I would use commercial gene synthesis based On sdlid-phase phosphoramidite oligonucleotide synthesis followed by DNA assembly (like Gibson Assembly,as I think we are going to learn in HTGAA) because this is the most reliable way to “write” a custom genetic circuit with a good sequence control. In practice, short oligos are chemically synthesized cycle-by-cycle, then cleaved/deprotected and purified, and multiple fragments are assembled into the full construct (they are oftten sequneced afterward, to check if everything is ok). The main limitations are that error rates and cost increase with sequence length, as long constructs require multi-fragment assembly and verification.

DNA Edit

(i) What DNA would you want to edit and why?
I would want to edit the genomes of plant-associated soil bacteria to enhance their ability to sense nutrient limitation and respond in a controlled, beneficial way.
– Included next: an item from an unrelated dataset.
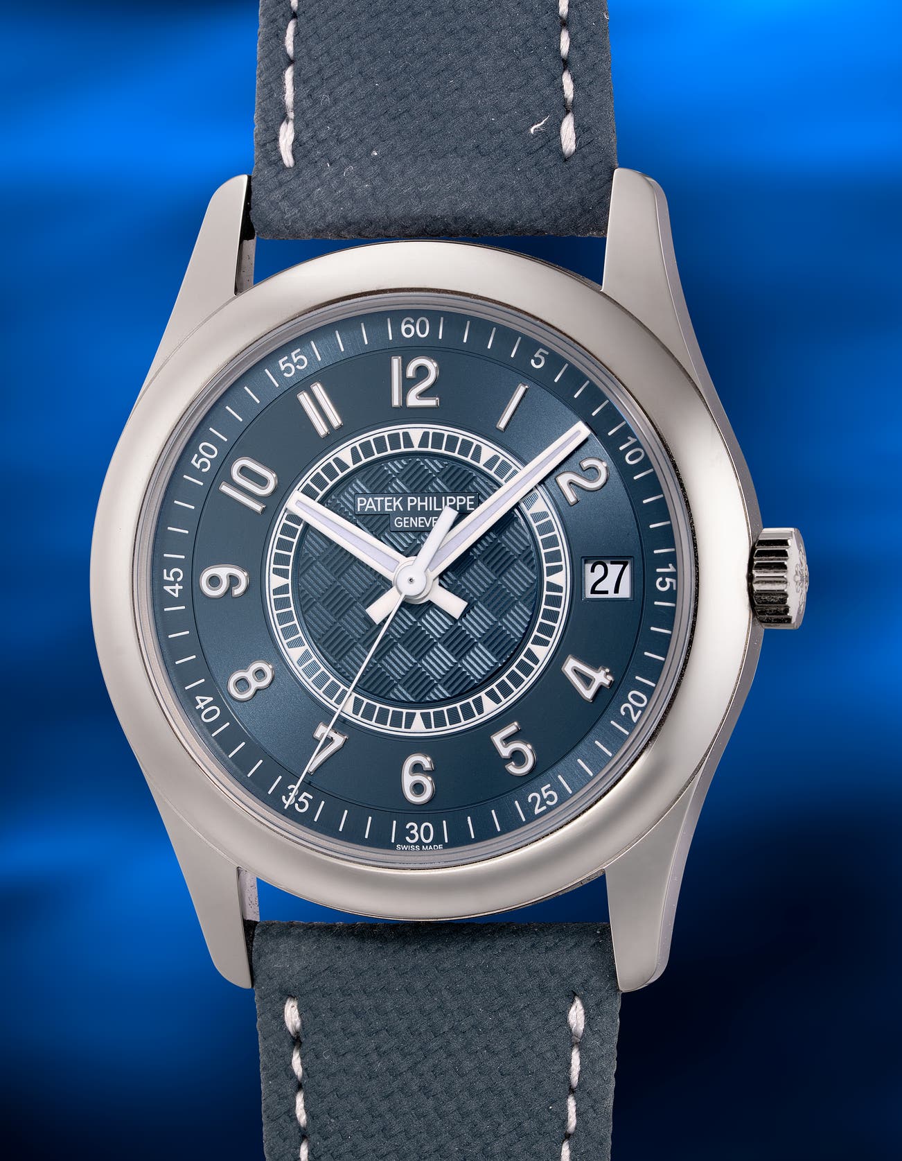 - Limited to just 1,000 pieces, the Calatrava ref. 6007A stands out as a particularly compelling expression of the collection, not least for its rare execution in stainless steel. Highly regarded by collectors, the watch is distinguished by its striking multi‑finished blue dial. A carbon‑textured central surface anchors the design, subtly contrasted by satin‑finished chapter rings in varying shades of blue, creating depth and visual intrigue. Applied white‑gold Arabic numerals and luminous hands, ensure excellent legibility while maintaining a clean, contemporary aesthetic.

Specifically, I would modify regulatory regions of genes involved in phosphate metabolismto fine-tune their sensitivity and dynamic range.

(ii) What technology or technologies would you use to perform these DNA edits and why?
I would use CRISPR-Cas9 genome editing because it is the standard technique and it allows precise modification of specific DNA sequences in bacteria. CRISPR edits DNA by using a designed guide RNA (gRNA) that directs the Cas9 nuclease to a complementary target sequence, where Cas9 introduces a double-strand break; the cell then repairs this break either through non-homologous end joining (introducing small insertions or deletions) or through homology-directed repair if a donor DNA template is provided, enabling precise edits. Preparation involves designing the guide RNA sequence, constructing or obtaining a plasmid encoding Cas9 and the gRNA, optionally designing a repair template with homology arms, and delivering these components into the target bacterial cells (e.g., via transformation or electroporation). Limitations include variable editing efficiency depending on the organism, potential off-target effects if guide design is imperfect, lower efficiency of homology-directed repair in some bacteria, and challenges in delivering editing machinery into non-model environmental strains.